Objective: To evaluate the periapical tissue reaction to Chitra-CPC when used as a root canal sealer/filler material in comparison with a resin sealer, AH Plus (Dentsply).
Materials and Methods: The procedure was done on porcine animal model following the ISO 7405 criteria. The material was implanted intentionally into the periapical area of 36 teeth through a root canal procedure carried out in six animals which were divided equally among 1-month and 3-month time periods. Results were based on the histological evaluation of the autopsied specimens after the prescribed time periods.
Results: Mild to moderate periapical tissue reaction was found in Chitra-CPC samples belonging to the 1-month time period, whereas majority of the 3-month CPC samples showed an absence of inflammation. Samples of AH Plus in 1-month period showed severe to moderate inflammation, whereas 3-month AH Plus samples had a mild to moderate inflammation.

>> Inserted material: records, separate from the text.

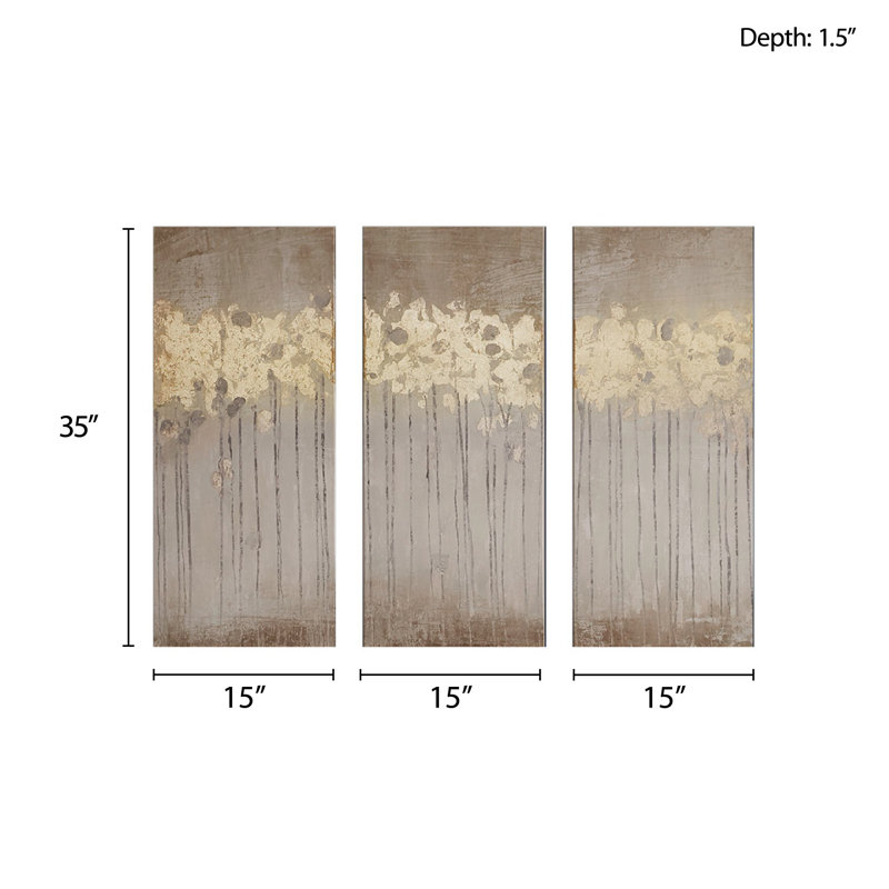 Dewy Forest Gold Foil Abstract 3-piece Canvas Wall Art Set
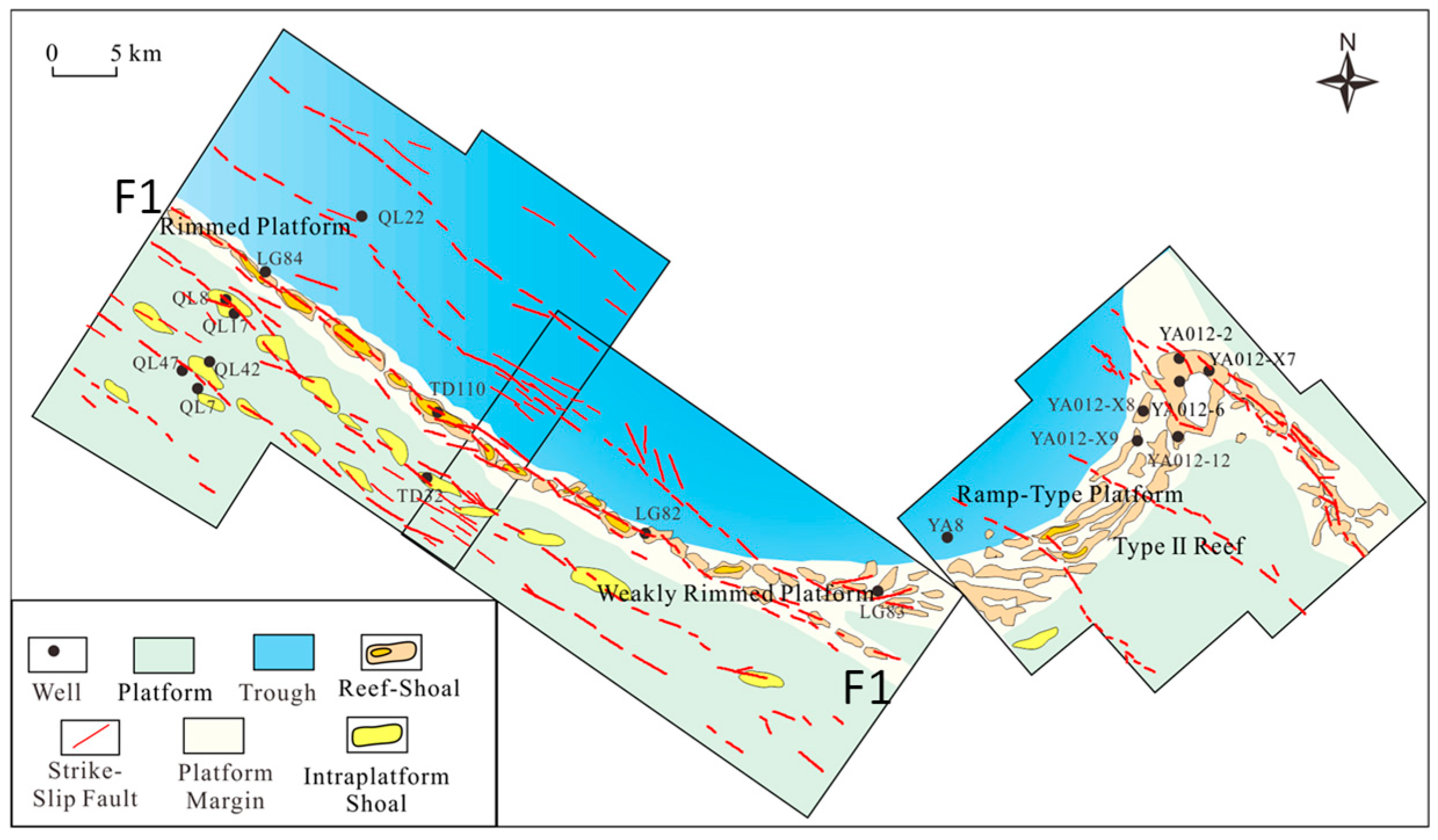 4.1. The Strike–Slip Fault Distribution in the Platform Margin
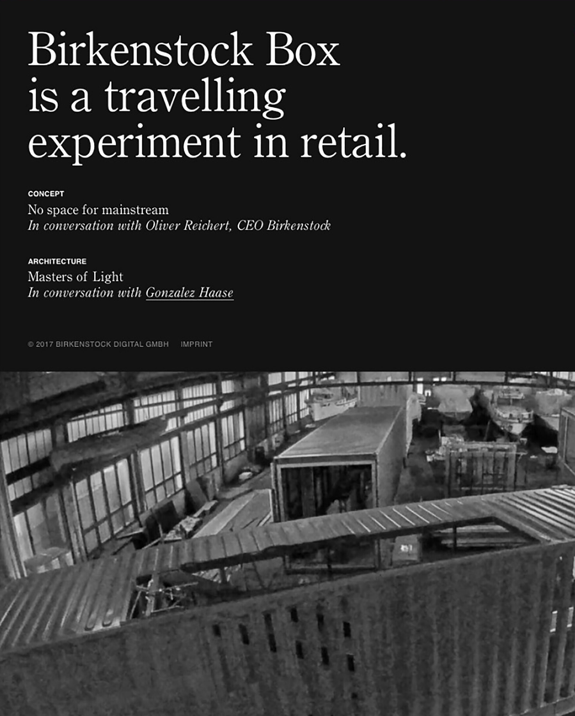 The microsite serves as a digital counterpart to the physical BOX. The platform traces the journey of the BOX around the globe, starting with Andreas Murkudis in Berlin. Correlating to the site-specific interior of the BOX, the microsite allows readers to get a personalized experience through the eyes of the architects, the creative teams who worked on it and the retail partners. The editorial content, which will be updated with each new BOX location, informs, entertains and engages with its audience. The use of imagery – both still and moving – creates a vibrant, dynamic and enjoyable user experience. For the launch phase, the site covers all aspects of the making-off process, as well as candid interviews with the collaborators behind the BOX at Andreas Murkudis, and photo essays by Oliver Helbig. The website engages users on both mobile and desktop. The interactive user journey through the site is intuitive and engaging thanks to its innovative navigation, synonymous with the holistic approach of the BIRKENSTOCK BOX concept. The microsite links to www.birkenstock.com, where the limited edition BIRKENSTOCK shoes exclusive to each location of the BOX will be available.
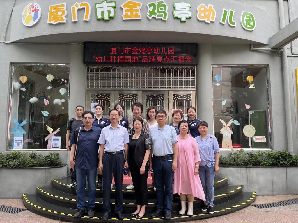 6月10日上午,思明区关工委副主任董仁生、一级主任科员沙龙武,思明区委教育工委委员、思明区党组成员、调研员马晓毅,区关工委区教育系统关工委常务副主任李子朔,副主任洪清悦、杨端端、葛晓英,秘书长周雪华等领导一行莅临厦门市金鸡亭幼儿园开展“幼儿种植园地”品牌亮点汇报活动。片区18所幼儿园关工委副主任、金鸡亭幼儿园关工委和师生等参加活动。
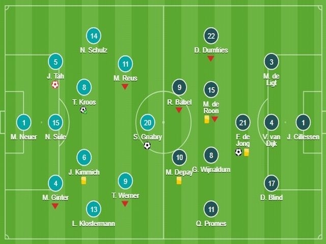 Горещите сцени продължаваха, защото реферът Артур Диас отсъди дузпа за Германия при много спорна двойна ситуация. Намиращият се на ръба на засадата Шулц получи в пеналта и не успя да центрира успешно, но при падането на топката във въздуха тя се спря в ръката на Де Лихт. Тони Кроос пое отговорността е вкара по земя от бялата точка в долния ляв ъгъл.
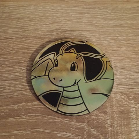 Vanha Aerodactyl Pokémon pelikorttien mukana tullut kolikko. Halkaisija 3 cm. Siisti kunto, pientä hiusnaarmua pinnassa.
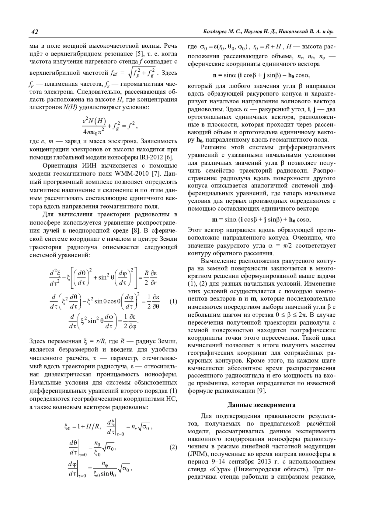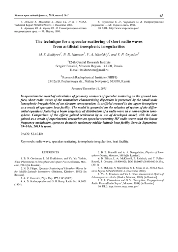 M. S. Boldyrev, N. D. Naumov, V. A. Nikolskiy, and V. P. Uryadov The technique for a specular scattering of short radio waves from artificial ionospheric irregularities 41
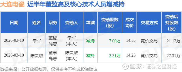 证券之星消息,根据3月11日市场公开信息、上市公司公告及交易所披露数据整理,大连电瓷(002606)最新董监高及相关人员股份变动情况:2026年3月10日公司董秘,高管李军、董事,高管陈灵敏共减持公司股份9.31万股,占公司总股本为0.0212%。变动期间公司股价上涨0.78%,3月10日当日收盘报14.19元。
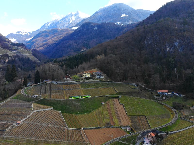 | Wie auf einer Modelleisenbahnanlage windet sich ein Zug der TPC durch die Weinberge von Aigle. Schweiz, Kanton Vaud 20.03.2021; Flug Nr. 493 |
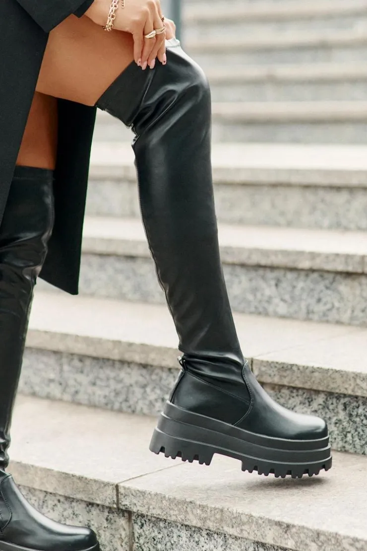 Kozaki za kolano osadzone na masywnej platformie to stylowy wybór na chłodniejsze dni. Model wsuwany, z dodatkowym suwakiem na dole cholewki, co ułatwia zakładanie i dopasowanie. Ocieplane wyłącznie na poziomie stopy, zapewniają ciepło i komfort noszenia. Modny fason, który doda charakteru każdej stylizacji. Przy wyborze rozmiaru prosimy sugerować się tabelą rozmiarów.
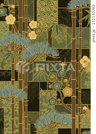 【はがき用】和風の松竹梅パターン素材
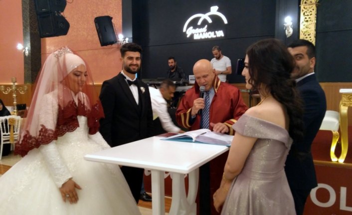 BAYBURT (AA) - Bayburt Özel İdare Spor'da forma giyen kaleci İsmail Cengiz, düğün töreninde hem nikah defterini hem de kulübüyle sözleşme imzaladı.
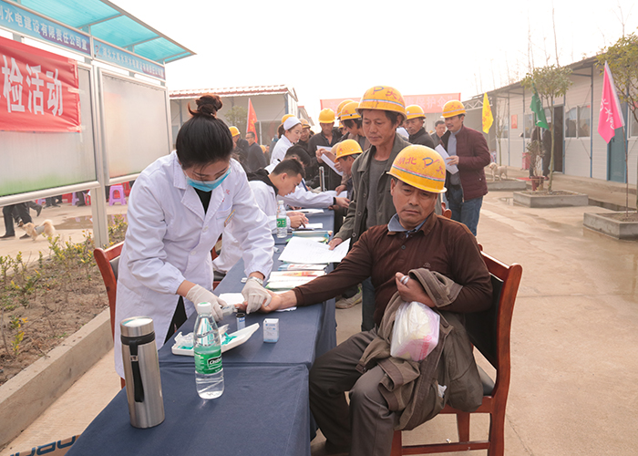早晨8点,内荆河节制闸项目部排满了等待体检的队伍,他们都是来自内荆河节制闸的一线员工,每人手里拿着体检表,有说有笑,等待做检查。“打工这么多年,这是我第一次在工地上做免费体检,感受到了深切的关心和照顾”。能够得到免费的体检,员工小周也感觉心里很温暖。

Conclusions: Chitra-CPC is a biocompatible material. Keywords: Biocompatibility, calcium phosphate cement, Chitra-CPC, endodontic usage test, porcine model
How to cite this article:
Jacob GM, Kumar A, Varughese JM, Varghese N O, Harikrishna Varma P R, Komath M. Periapical tissue reaction to calcium phosphate root canal sealer in porcine model. Indian J Dent Res 2014;25:22-7 |
How to cite this URL:
Jacob GM, Kumar A, Varughese JM, Varghese N O, Harikrishna Varma P R, Komath M. Periapical tissue reaction to calcium phosphate root canal sealer in porcine model. Indian J Dent Res [serial online] 2014 [cited 2023 Sep 23];25:22-7. Available from: https://www.ijdr.in/text.asp?2014/25/1/22/131049 |
The success and predictability of endodontic treatment lies in thorough shaping and cleaning of root canal system followed by proper three-dimensional obturation with a dimensionally stable, inert material so as to eliminate all possible portals of communication between the canal space and the surrounding periapical tissues. The accepted technique is to obturate the root canal space using a solid or semi-solid material along with a sealer to obtain a fluid tight seal, occupying the interstitial spaces, foraminae, as well as accessory and lateral canals. [1],[2],[3]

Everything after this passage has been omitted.